Measuring Poverty’s Impact in the City
Powerful new data has been done. But some research was shut down.
Using Internal Revenue Service data, the economist Raj Chetty and his colleagues have developed an “opportunity index“ of the United States. Whether children enjoy upward mobility, they find, is heavily influenced by the neighborhood they grow up in.
Using Census Bureau and income tax data, they constructed a sample of 20.5 million Americans who were born between 1978-1983, making them in their mid-thirties in 2015. They mapped these individuals back to the Census tracts where they lived through age 23. Then, for each of the 70,000 tracts in America, Chetty and his colleagues estimated the individuals’ outcomes across a range of measures.
In the 1990s, the federal government funded an experiment, called “Moving to Opportunity,” in which families living in public housing were randomly selected to move to safer neighborhoods. These families’ outcomes were compared to those of a similar control group. At the end of the study, researchers concluded that test scores among the children didn’t rise and the families didn’t benefit financially.
Chetty’s reanalysis of the data from the earlier study, however, found that moving to a better neighborhood did have an effect. However, rather than improving outcomes for the family itself, outcomes improved for the families’ children. In addition, the improvement was greater the longer the children lived in the better neighborhood. Thus, the youngest children showed the greatest effect.
What does the Chetty data show about Milwaukee? The map below shows the average household income of children of low-income parents who grew up in Milwaukee neighborhoods and several close-in suburbs. The Census tracts are color-coded based on the average household income of adults who were children in each tract. As mid-30s adults, those who were children in the darkest red tracts had average yearly household income under $10,000; those from the darkest blue had an income exceeding $50,000.
The fact that children growing up poor in central Milwaukee have poor outcomes is consistent with other indicators. The next chart is taken from the 2009 Homicides and Nonfatal Shootings Data Report from the Milwaukee Homicide Commission. This is the commission’s earliest report. People born in 1983 would have turned 23 in 2006. Thus, they would have been close in age to the youngest subjects in the Chetty sample.
This map shows two measures: the percentage of adults 25 or older who are high school graduates and the location of homicides between 2007 and 2009. Tracts with an 80 percent or higher rate of high school graduation are shown in dark brown; in the lightest tracts, fewer than half of residents graduated from high school. The locations of homicides are indicated with crosses.

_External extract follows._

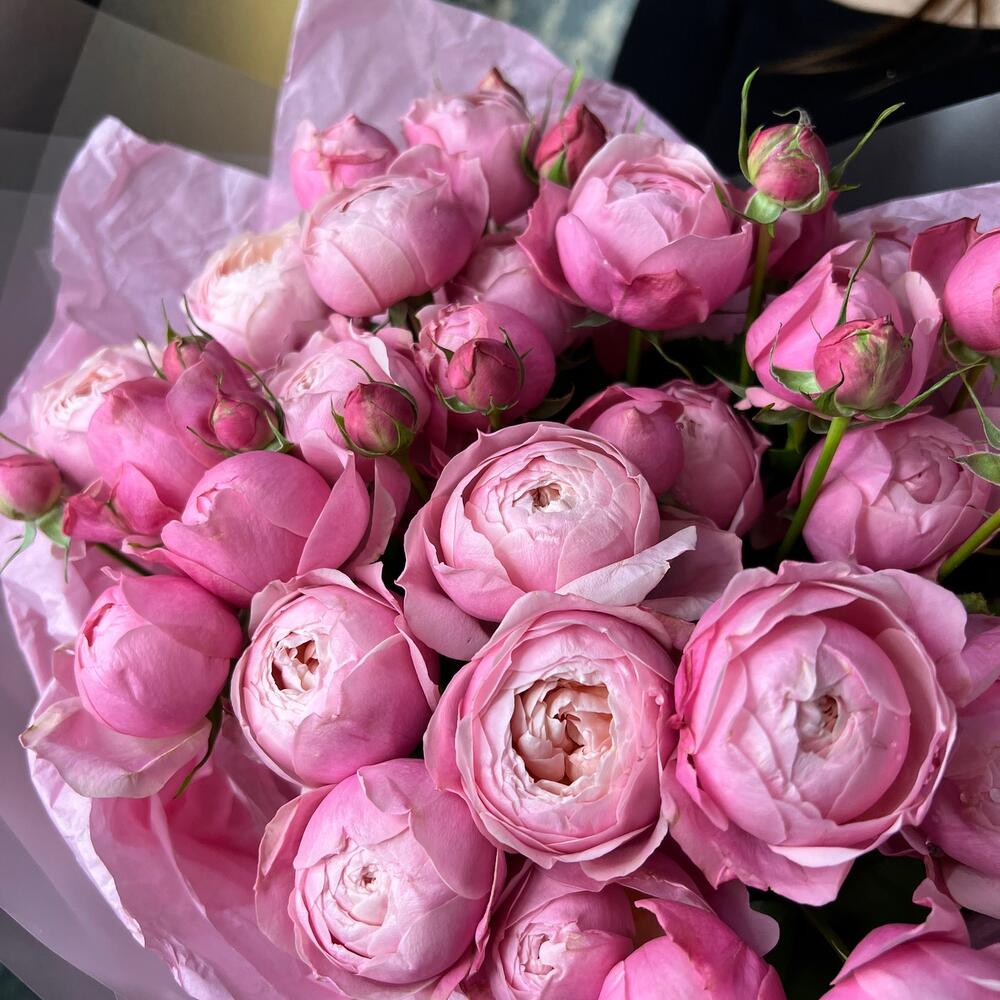 mono bouquet 146 из кустовых пионовидных роз сорта Silva Pink

The next chart, also taken from the 2009 homicide report, shows the hotspots for homicides. Again, Census tracts that Chetty found associated with poor mobility had concentrations of violent crime.
Milwaukee’s most vulnerable children are black boys. The next map shows the association between family income for black male adults and the various Milwaukee and suburban neighborhoods where they were children.
This map reflects the racial segregation the Milwaukee metropolitan area still suffers from. With two notable exceptions—Brown Deer and Glendale—the number of low-income black children fell below the minimum of 20 to be counted in most suburbs.
Whatever is causing the poor outcomes for black children in many of these neighborhoods has a stronger effect on boys than girls. Similar maps for boys have more red tracts and fewer blue ones than maps for girls.
The next map shows the result for Hispanic children. There much more variation of outcomes, perhaps reflecting both the greater geographical scatter, with pockets of Hispanic families dispersed about the region. Some adjacent tracts have very different outcomes.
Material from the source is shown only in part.